The work lumbers like a steam train on a plateau, occasionally negotiating a few hills, but seldom veering from its dogged course. There is a little hill in Act I when Romeo (Paul Thrussell), Benvolio (Conor O'Brien) and Mercutio (Jack Wyngaard) prepare for the ball like John Travolta in anticipation of Saturday Night Fever. But the overexcited laddishness could be due as much as anything to Wyngaard's winning personality, so puckish and irreverent he overshadows the whole production.

The love duet in Act I should express the miracle of the new love, and although Stevenson has created some good phrases, as a sequence it never quite comes off, like so much in this production. The love duet is the one in which Ashton raises the temperature, making you feel that life will never be the same again for the Verona teenagers. Here the train chugs on remorselessly.

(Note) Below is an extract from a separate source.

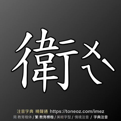 衛,注音ㄨㄟˋ,拼音wèi,辭典解釋為:1.保護、防守。例:防衛、自衛、守衛 2.擔任防護工作的人。例:侍衛、警衛 3.古國名。周朝分封的姬姓諸侯國,故址約在今河北省南部和河南省北部一帶,後為秦所滅。 4.姓。

Kim Miller as Juliet is so light she seems to float. Coquettish in the early scenes, she never manages to grow into the young woman who matures quickly after falling in love with the enemy. It is a difficult role, requiring as much acting as dancing, and Miller shows a histrionic rather than theatrical tendency, especially in Act III when she is pressed by her parents to marry the most nerdish Paris (Dincer Solomon) in the business. She grips her shaking arm with a hand to steady it and later flops over the small altar in her room in tears. She certainly has lots to pray for. So do we: a drop of authenticity would do for a start.

'Tales of Beatrix Potter', Covent Garden (071-240 1066/1911) in repertory to 16 Jan; London City Ballet, Sadler's Wells (071-278 8916).